(Provided data begins)

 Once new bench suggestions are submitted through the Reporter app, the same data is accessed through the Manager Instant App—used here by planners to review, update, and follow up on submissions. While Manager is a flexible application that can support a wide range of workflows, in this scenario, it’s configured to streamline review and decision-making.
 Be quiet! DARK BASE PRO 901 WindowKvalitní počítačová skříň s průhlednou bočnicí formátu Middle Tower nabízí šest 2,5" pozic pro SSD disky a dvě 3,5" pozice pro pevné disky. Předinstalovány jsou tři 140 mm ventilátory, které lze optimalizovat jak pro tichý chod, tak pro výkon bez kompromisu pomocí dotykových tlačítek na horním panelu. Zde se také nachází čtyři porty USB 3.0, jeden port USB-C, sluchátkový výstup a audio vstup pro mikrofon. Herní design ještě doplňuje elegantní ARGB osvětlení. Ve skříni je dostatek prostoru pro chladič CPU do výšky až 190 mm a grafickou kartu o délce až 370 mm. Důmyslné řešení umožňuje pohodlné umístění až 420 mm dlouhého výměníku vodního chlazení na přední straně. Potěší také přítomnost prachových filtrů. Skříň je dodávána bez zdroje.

(Provided data ends)
(Provided data begins)

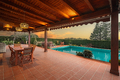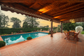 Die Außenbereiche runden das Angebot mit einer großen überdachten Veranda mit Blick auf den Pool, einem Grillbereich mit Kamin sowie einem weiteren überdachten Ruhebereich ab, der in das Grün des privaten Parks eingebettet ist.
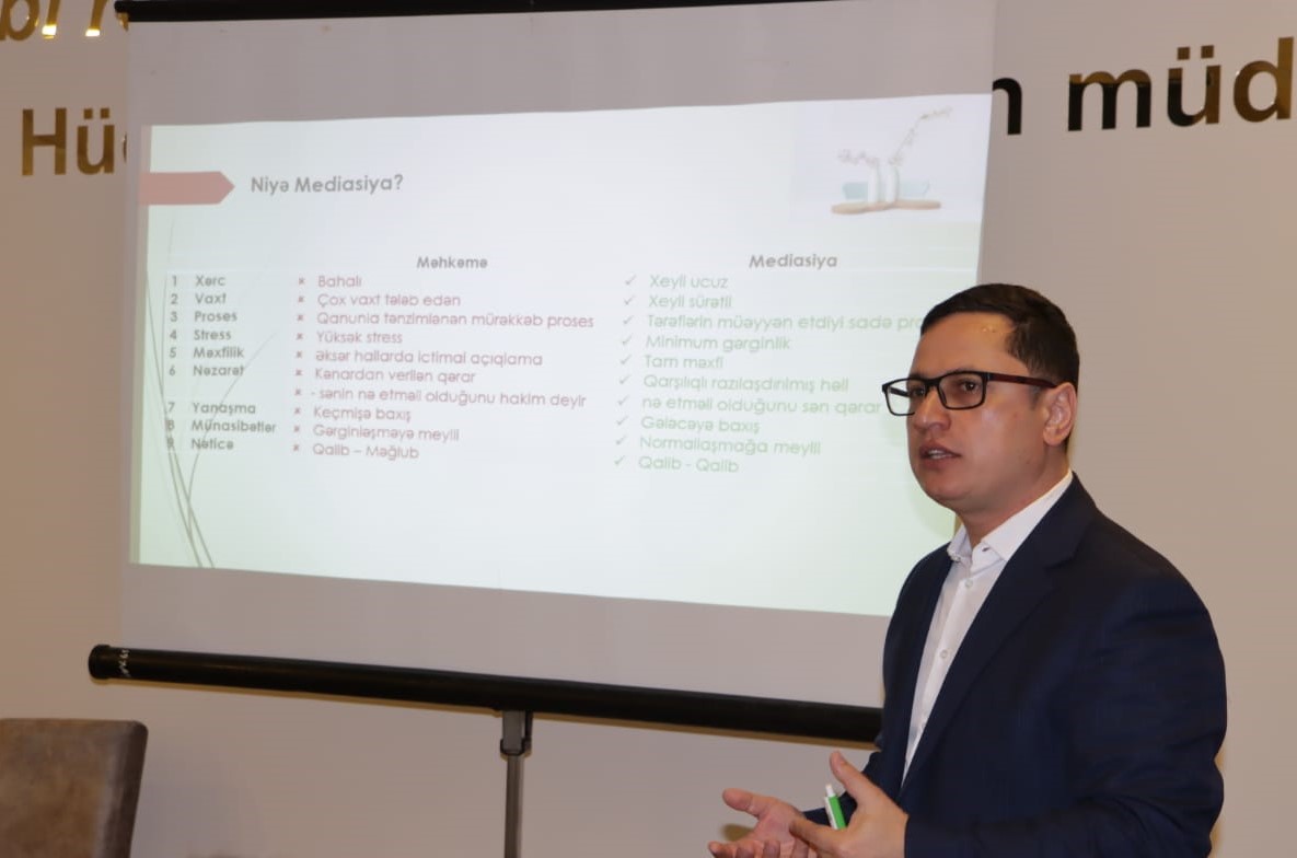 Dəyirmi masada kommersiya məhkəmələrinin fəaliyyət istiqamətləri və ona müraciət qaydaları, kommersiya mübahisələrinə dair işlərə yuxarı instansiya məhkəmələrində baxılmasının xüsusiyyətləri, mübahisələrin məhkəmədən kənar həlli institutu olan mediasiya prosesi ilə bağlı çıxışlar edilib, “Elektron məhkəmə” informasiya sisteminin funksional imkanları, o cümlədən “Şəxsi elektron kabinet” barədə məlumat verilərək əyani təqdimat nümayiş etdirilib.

(Provided data ends)

Once you find the line with "Once new bench" above, print it and every line after it up to and including the line with "Be quiet! DARK", exactly as written and nothing else.

 Once new bench suggestions are submitted through the Reporter app, the same data is accessed through the Manager Instant App—used here by planners to review, update, and follow up on submissions. While Manager is a flexible application that can support a wide range of workflows, in this scenario, it’s configured to streamline review and decision-making.
 Be quiet! DARK BASE PRO 901 WindowKvalitní počítačová skříň s průhlednou bočnicí formátu Middle Tower nabízí šest 2,5" pozic pro SSD disky a dvě 3,5" pozice pro pevné disky. Předinstalovány jsou tři 140 mm ventilátory, které lze optimalizovat jak pro tichý chod, tak pro výkon bez kompromisu pomocí dotykových tlačítek na horním panelu. Zde se také nachází čtyři porty USB 3.0, jeden port USB-C, sluchátkový výstup a audio vstup pro mikrofon. Herní design ještě doplňuje elegantní ARGB osvětlení. Ve skříni je dostatek prostoru pro chladič CPU do výšky až 190 mm a grafickou kartu o délce až 370 mm. Důmyslné řešení umožňuje pohodlné umístění až 420 mm dlouhého výměníku vodního chlazení na přední straně. Potěší také přítomnost prachových filtrů. Skříň je dodávána bez zdroje.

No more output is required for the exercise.